LEOs have a tough job, but not so tough that they shouldn’t be accountable for misconduct or worse. And you know what? If malfeasant cops aren’t allowed to claim QI, then that ought to go double for malfeasant public officials, particularly in view of some of the absurdities we are currently witnessing:
The "Zombification" of Qualified Immunity?
Cato @ Liberty / by Clark Neily / May 15, 2024 at 2:03 PM
Clark Neily
zombie
“I have a theory: Qualified immunity has already been bitten by one of the walkers in the Walking Dead, and it’s in the zombification process.”
So said David French on last week’s episode of The Dispatch’s Advisory Opinions podcast while discussing a recent Fifth Circuit decision denying qualified immunity to a pair of Houston police officers in an utterly bizarre false‐arrest case. Though he doesn’t elaborate, the idea seems to be that qualified immunity’s vital essence has been drained over the years, leaving the dead‐on‐its‐feet doctrine to stagger around menacing victims of government misconduct and searching for brains to eat.
It’s a whimsical image, and I hope David’s right. But here’s an even simpler take: judicial enthusiasm for qualified immunity is starting to wain because not only is it a legal, practical, and moral failure that flies in the face of bedrock conservative convictions about limited government and personal responsibility, it’s an embarrassment to boot—as this latest Fifth Circuit case vividly illustrates. Here are the facts in a nutshell.
The plaintiff, whom we’ll call GS for “Good Samaritan,” is an Uber driver and former police officer who sees a pickup truck careening across I‑610 in Houston in the wee hours of the morning, and suspects, correctly, that the driver is stinking drunk. Worried the other motorist might kill someone, GS calls 911, manages to get the truck stopped and performs a lawful citizen’s arrest when the driver tries to flee on foot across the highway. Two officers arrive at the scene and conduct separate interviews of GS and DD (“Drunk Driver”), while also administering a field sobriety test to DD, which he fails spectacularly.

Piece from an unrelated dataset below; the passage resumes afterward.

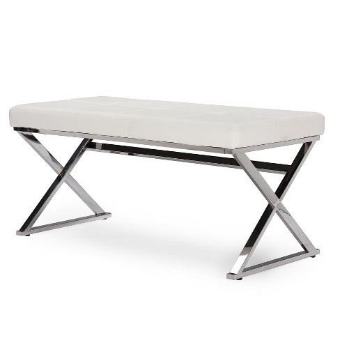 Ottoman Modern Upholstered Bench White Leather Tufted Extra Seat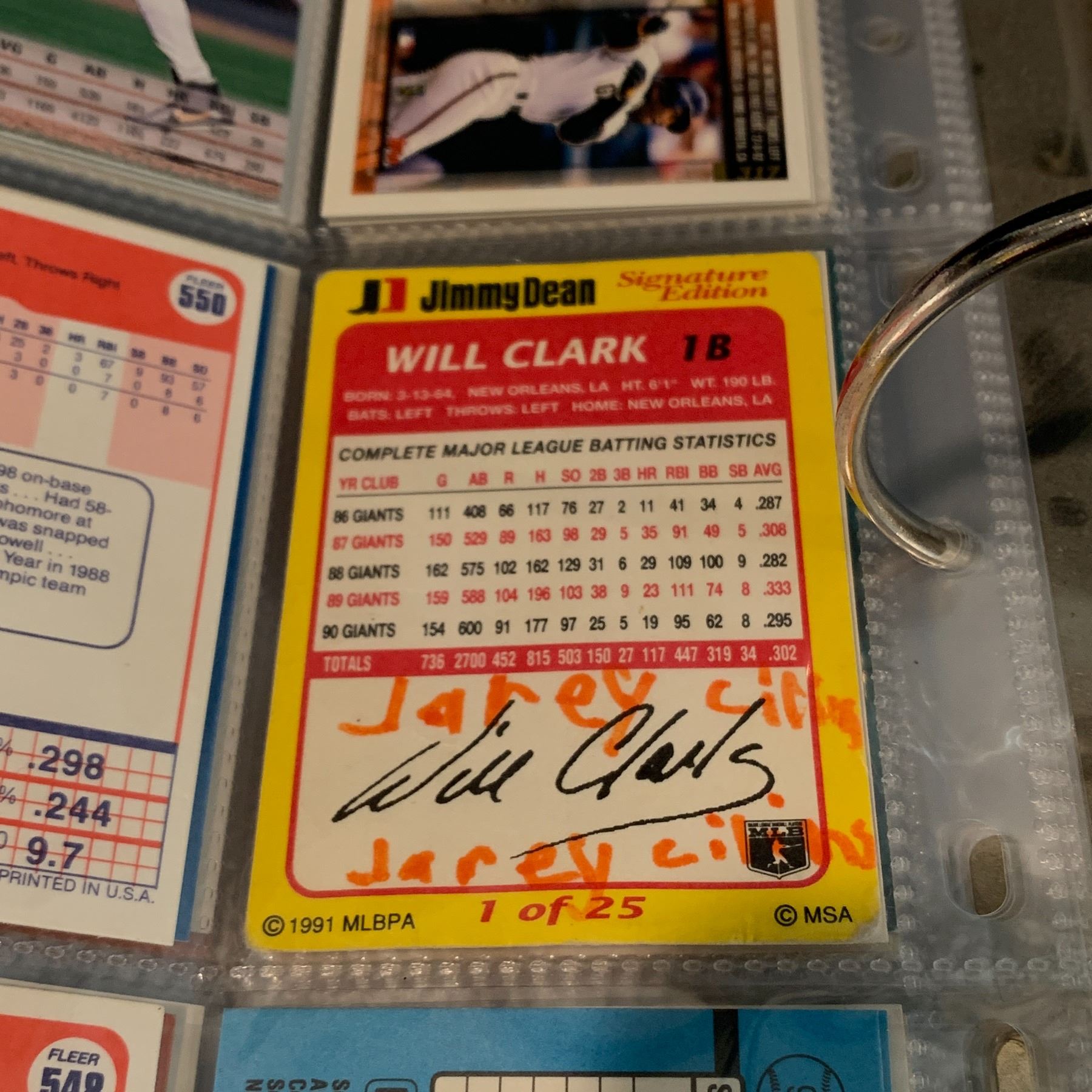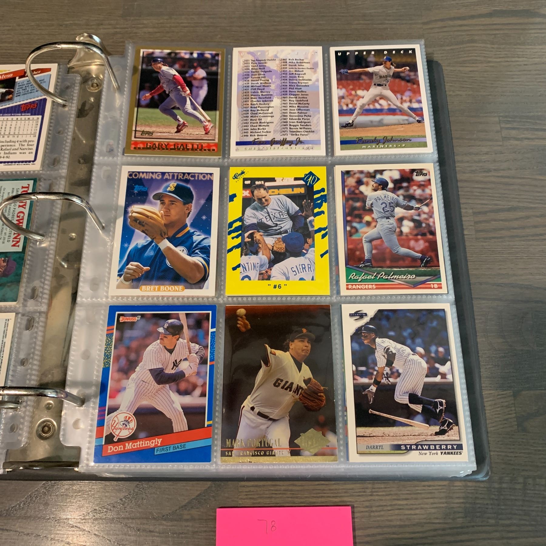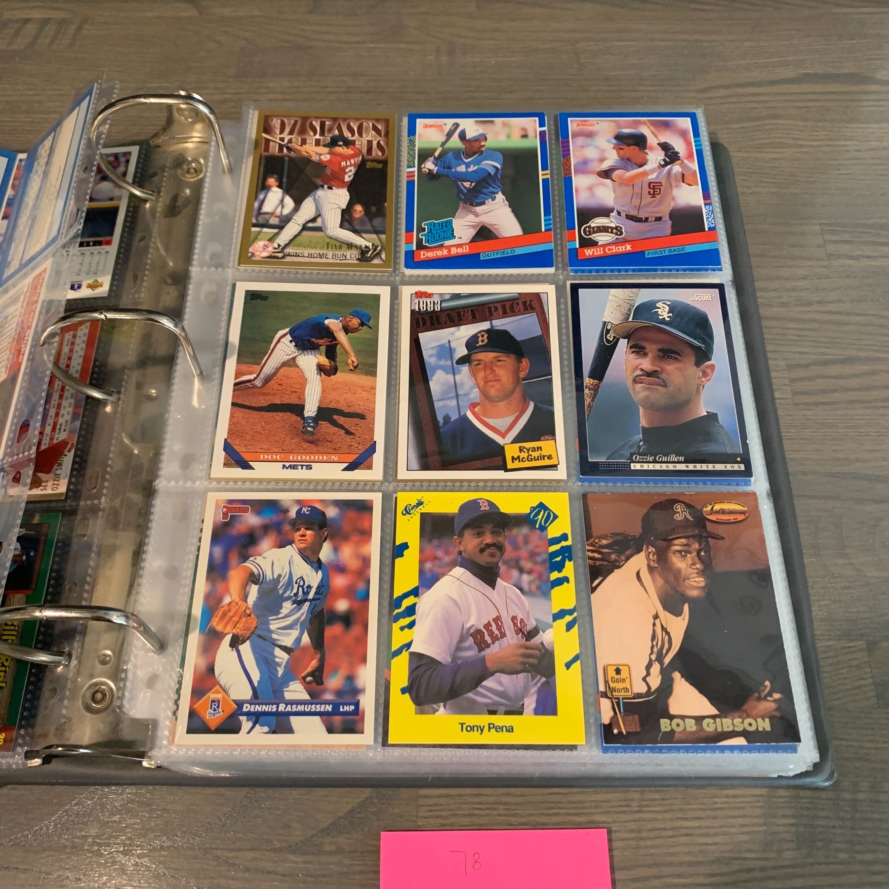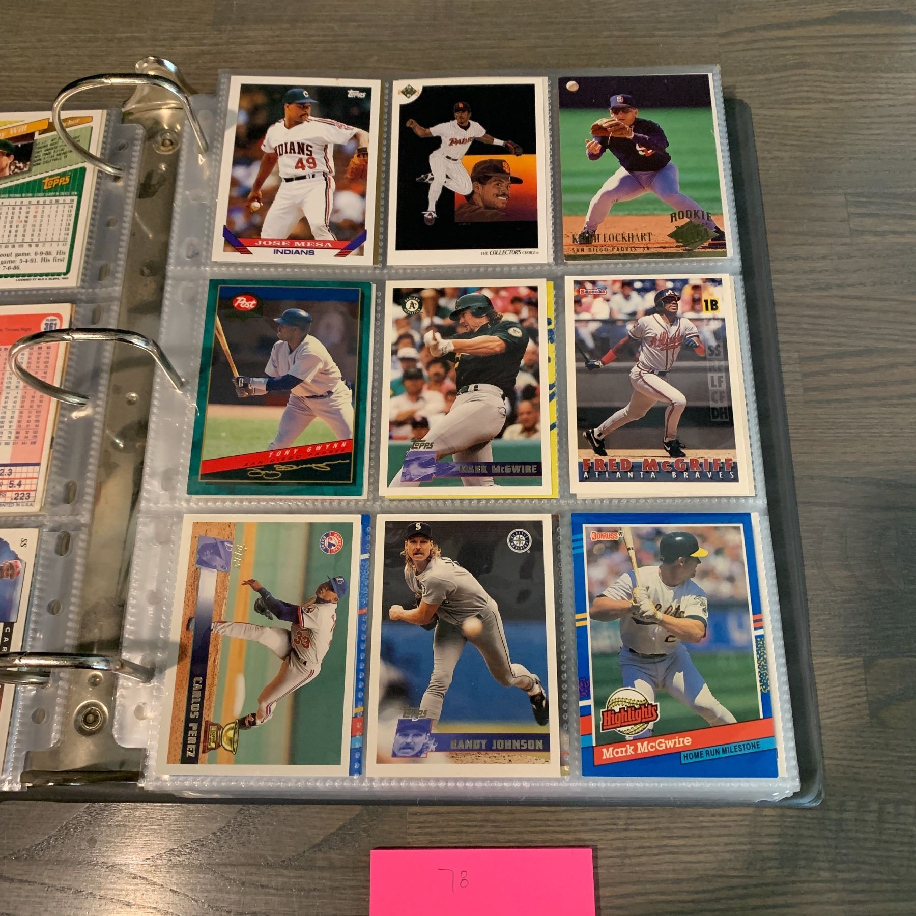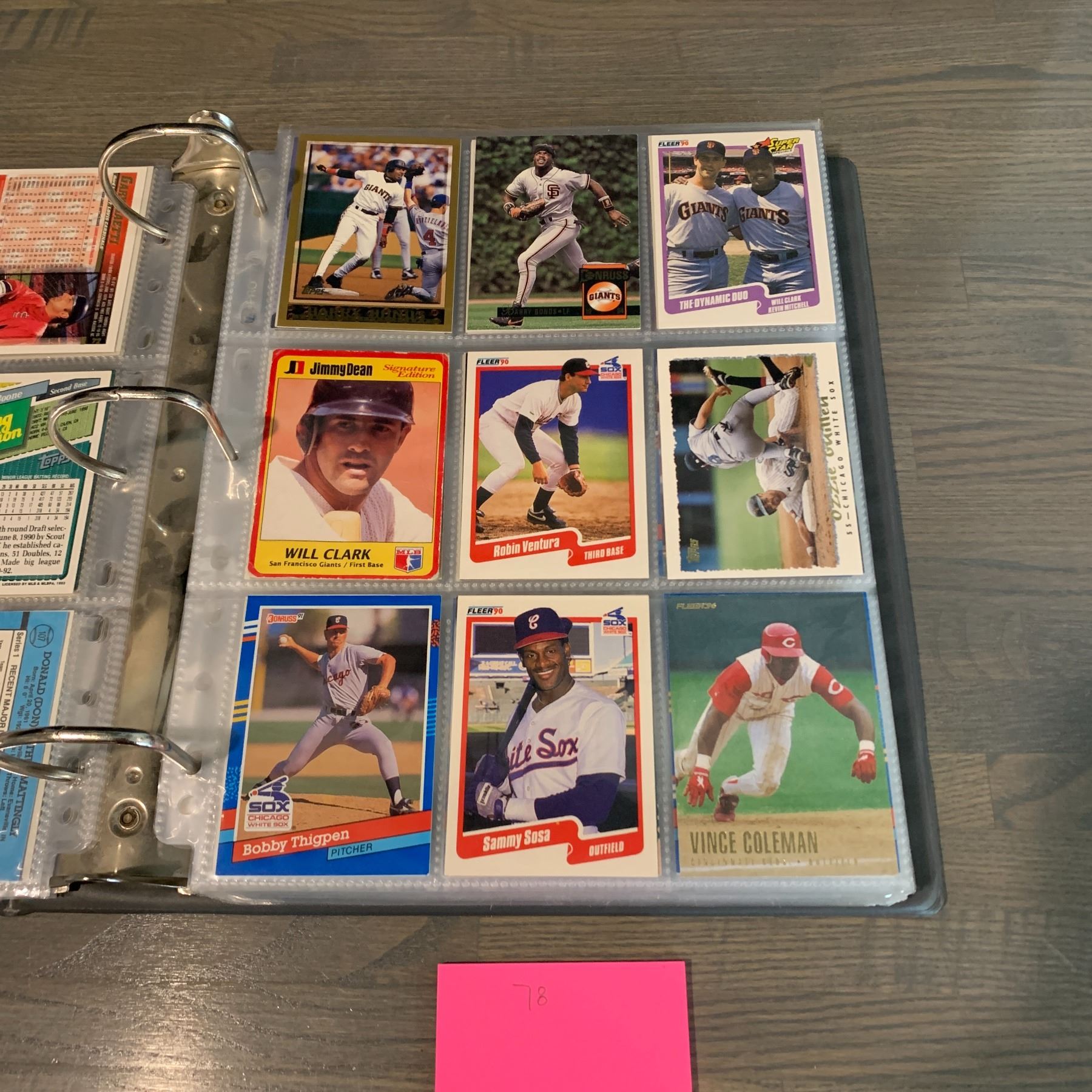 Binder Filled with 100s of 90s Baseball cards. Will Clark Autograph. See photos for condition. If you are interested in consigning with us, email aeronhouse1994@gmail.com or fill out the consignment form on ahauctionhouse.com

The two officers then release both men, allowing the obviously intoxicated DD to drive home in his pickup truck. Two days later, the officers, Michael Garcia and Joshua Few, swear out a thoroughly rotten probable‐cause affidavit in which they credit DD’s incoherent and contradiction‐riddled story that GS impersonated a police officer during the encounter on the highway. Warrant in hand, they then go to GS’s house at 3 a.m., wake him up with a ruse, and arrest him for felony impersonation of a police officer—for which he is duly charged and prosecuted until the charges are quietly dropped a few months later.
GS sues a passel of defendants, including officers Garcia and Few, who promptly—and predictably (“How are we supposed to know you can’t make bogus arrests based on fraudulent warrant applications?”) assert qualified immunity. The district court rejects that defense, and, in a surprise twist, the Fifth Circuit (which is hands down the most QI‐friendly court in the country) not only affirms the denial of qualified immunity but does so with an uncharacteristic tone of dismay and disdain for the officers’ unseemly attempt to avoid accountability for their blatant misconduct.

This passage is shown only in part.